# Supplied material
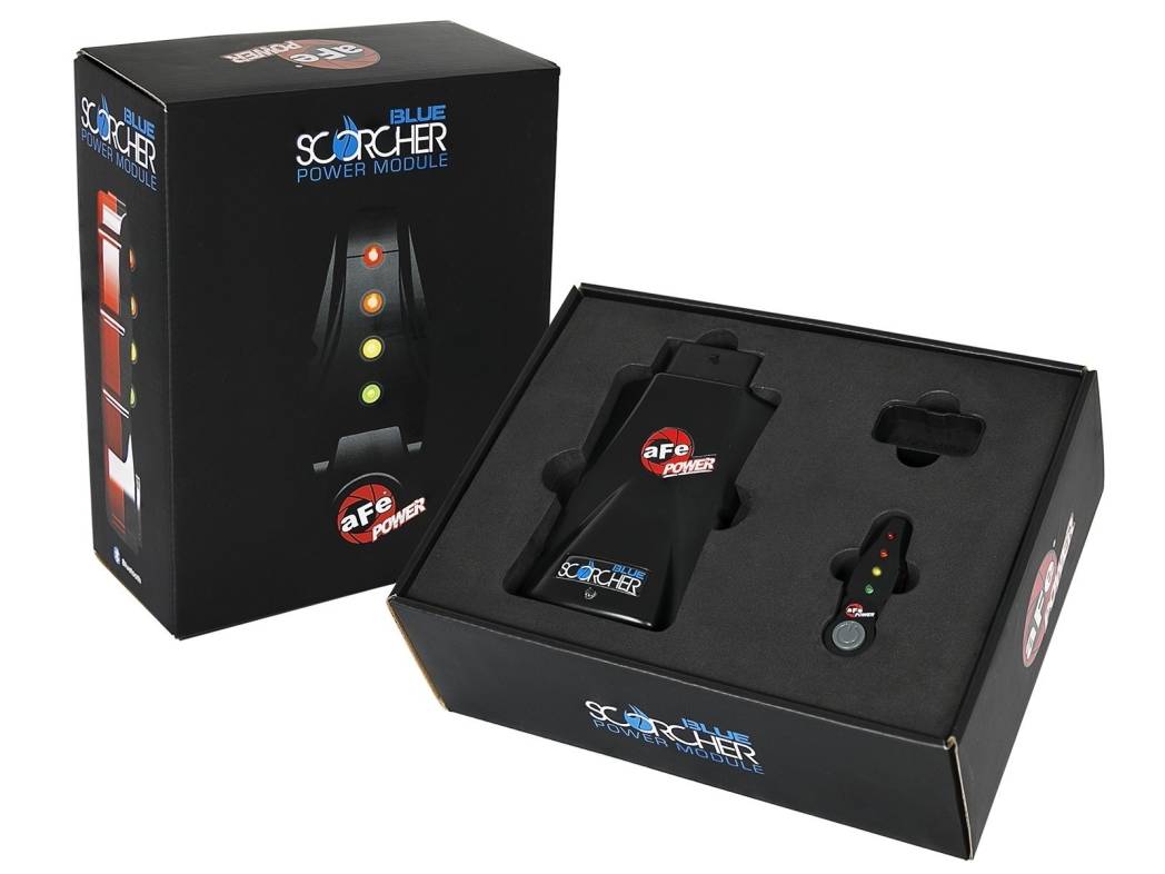 aFe POWER SCORCHER BLUE Power modules are the next generation of plug-and-play electronic module technology. It is the fastest way to safely gain significant horsepower, torque and improve drivability without modifying or leaving any trace on the Engine Control Unit (ECU). The SCORCHER BLUE features an LED control switch for in-cabin, on-the-fly power adjustments with different preset modes. With Bluetooth connectivity you can tap into your iOS or Android device to make power adjustments, custom tune different power modes, view gauges for engine parameters, upgrade to the latest version, measure acceleration times and more. The app is downloadable for free on the App Store or Google Play store.
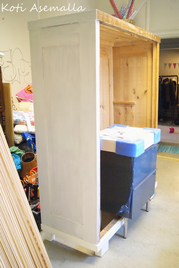 Mikin vaatekaappi on myös työn alla, sekin aiheutti vähän pulmia. Ensin meinasin maalata pellavaöljymaalilla kaikki osat erikseen. Kuivuminen kuitenkin kesti ikuisuuden ja kissat hyppi märän työn päällä. Lisäksi maali olikin kiiltävää, mitä en halunnut! Lopulta illan hämärässä kasattiin kaappi, minä kaivoin tutun ja turvallisen Uulan into-kalustemaalin ja aloin sutimaan. Nyt tulee hyvä! Kaunis matta pinta. Tuon kaapin ostin pari vuotta sitten ja en ollut sitä kasannut aiemmin. Nyt huomattiin että sen ruuvit puuttuu, kiinnikkeet sisällä on mitä sattuu ym. Hyllyt ja tanko puuttuu, mikä kyllä oli tiedossa. Tekemistä siis riittää vielä tuossakin! Sisältä se jää tuollaiseksi käsittelemättömäksi. Vielä kun keksisi millä ne hyllyt käsittelee sopivaksi…
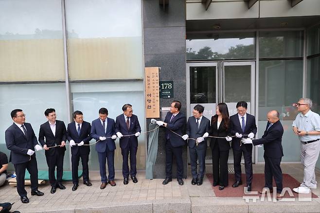 [서울=뉴시스] 권창회 기자 = 이명현 채상병 특별검사를 비롯한 특검보가 2일 오전 서울 서초구에 마련된 특검 사무실에서 현판식을 하고 있다. 2025.07.02. kch0523@newsis.com
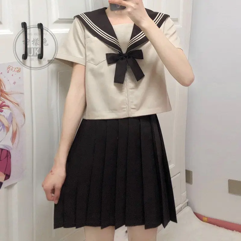 School Girl Uniform Japanese Class Navy Sailor School Uniforms Students Clothes For Girls Anime Cos Sailor Navy Suit Beige S/3XL
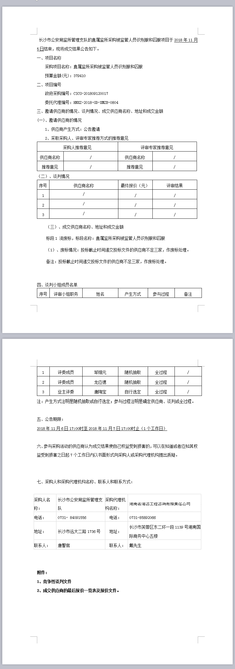 長沙市公安局監所管理支隊直屬監所采購被監管人員識別服和囚服結果公告
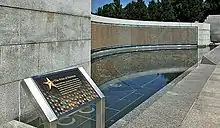 On May 23, 2013, Senator Rob Portman introduced the World War II Memorial Prayer Act of 2013 (Pub. L.Tooltip Public Law (United States) 113–123 (text) (PDF)), which would direct the Secretary of the Interior to install at the World War II memorial a suitable plaque or an inscription with the words that President Franklin D. Roosevelt prayed with the United States on June 6, 1944, the morning of D-Day.[36] The bill was opposed by the American Civil Liberties Union, the American Jewish Committee, Americans United for Separation of Church and State, the Hindu American Foundation, and the Interfaith Alliance.[37] Together the organizations argued that the bill "endorses the false notion that all veterans will be honored by a war memorial that includes a prayer proponents characterize as reflecting our country's 'Christian heritage and values.'"[37] The organizations argued that "the memorial, as it currently stands, appropriately honors those who served and encompasses the entirety of the war" and was carefully created, so no additional elements, such as FDR's prayer, need to be added.[37] But, they said, "the effect of this bill, however, is to co-opt religion for political purposes, which harms the beliefs of everyone."[37] The bill was signed into law on June 30, 2014,[38] and the Commission of Fine Arts preferred a design at the Circle of Remembrance to the northwest of the memorial.[39] With funding secured, it was initially intended to be dedicated on June 6, 2022,[40] but was instead opened a year later on June 6, 2023 on the 79th anniversary of the Normandy landings.[41]

# About this task
Print all the records exactly, minus any images.

# Expected answer
 aFe POWER SCORCHER BLUE Power modules are the next generation of plug-and-play electronic module technology. It is the fastest way to safely gain significant horsepower, torque and improve drivability without modifying or leaving any trace on the Engine Control Unit (ECU). The SCORCHER BLUE features an LED control switch for in-cabin, on-the-fly power adjustments with different preset modes. With Bluetooth connectivity you can tap into your iOS or Android device to make power adjustments, custom tune different power modes, view gauges for engine parameters, upgrade to the latest version, measure acceleration times and more. The app is downloadable for free on the App Store or Google Play store.
 Mikin vaatekaappi on myös työn alla, sekin aiheutti vähän pulmia. Ensin meinasin maalata pellavaöljymaalilla kaikki osat erikseen. Kuivuminen kuitenkin kesti ikuisuuden ja kissat hyppi märän työn päällä. Lisäksi maali olikin kiiltävää, mitä en halunnut! Lopulta illan hämärässä kasattiin kaappi, minä kaivoin tutun ja turvallisen Uulan into-kalustemaalin ja aloin sutimaan. Nyt tulee hyvä! Kaunis matta pinta. Tuon kaapin ostin pari vuotta sitten ja en ollut sitä kasannut aiemmin. Nyt huomattiin että sen ruuvit puuttuu, kiinnikkeet sisällä on mitä sattuu ym. Hyllyt ja tanko puuttuu, mikä kyllä oli tiedossa. Tekemistä siis riittää vielä tuossakin! Sisältä se jää tuollaiseksi käsittelemättömäksi. Vielä kun keksisi millä ne hyllyt käsittelee sopivaksi…
 [서울=뉴시스] 권창회 기자 = 이명현 채상병 특별검사를 비롯한 특검보가 2일 오전 서울 서초구에 마련된 특검 사무실에서 현판식을 하고 있다. 2025.07.02. kch0523@newsis.com
 School Girl Uniform Japanese Class Navy Sailor School Uniforms Students Clothes For Girls Anime Cos Sailor Navy Suit Beige S/3XL
 長沙市公安局監所管理支隊直屬監所采購被監管人員識別服和囚服結果公告
 On May 23, 2013, Senator Rob Portman introduced the World War II Memorial Prayer Act of 2013 (Pub. L.Tooltip Public Law (United States) 113–123 (text) (PDF)), which would direct the Secretary of the Interior to install at the World War II memorial a suitable plaque or an inscription with the words that President Franklin D. Roosevelt prayed with the United States on June 6, 1944, the morning of D-Day.[36] The bill was opposed by the American Civil Liberties Union, the American Jewish Committee, Americans United for Separation of Church and State, the Hindu American Foundation, and the Interfaith Alliance.[37] Together the organizations argued that the bill "endorses the false notion that all veterans will be honored by a war memorial that includes a prayer proponents characterize as reflecting our country's 'Christian heritage and values.'"[37] The organizations argued that "the memorial, as it currently stands, appropriately honors those who served and encompasses the entirety of the war" and was carefully created, so no additional elements, such as FDR's prayer, need to be added.[37] But, they said, "the effect of this bill, however, is to co-opt religion for political purposes, which harms the beliefs of everyone."[37] The bill was signed into law on June 30, 2014,[38] and the Commission of Fine Arts preferred a design at the Circle of Remembrance to the northwest of the memorial.[39] With funding secured, it was initially intended to be dedicated on June 6, 2022,[40] but was instead opened a year later on June 6, 2023 on the 79th anniversary of the Normandy landings.[41]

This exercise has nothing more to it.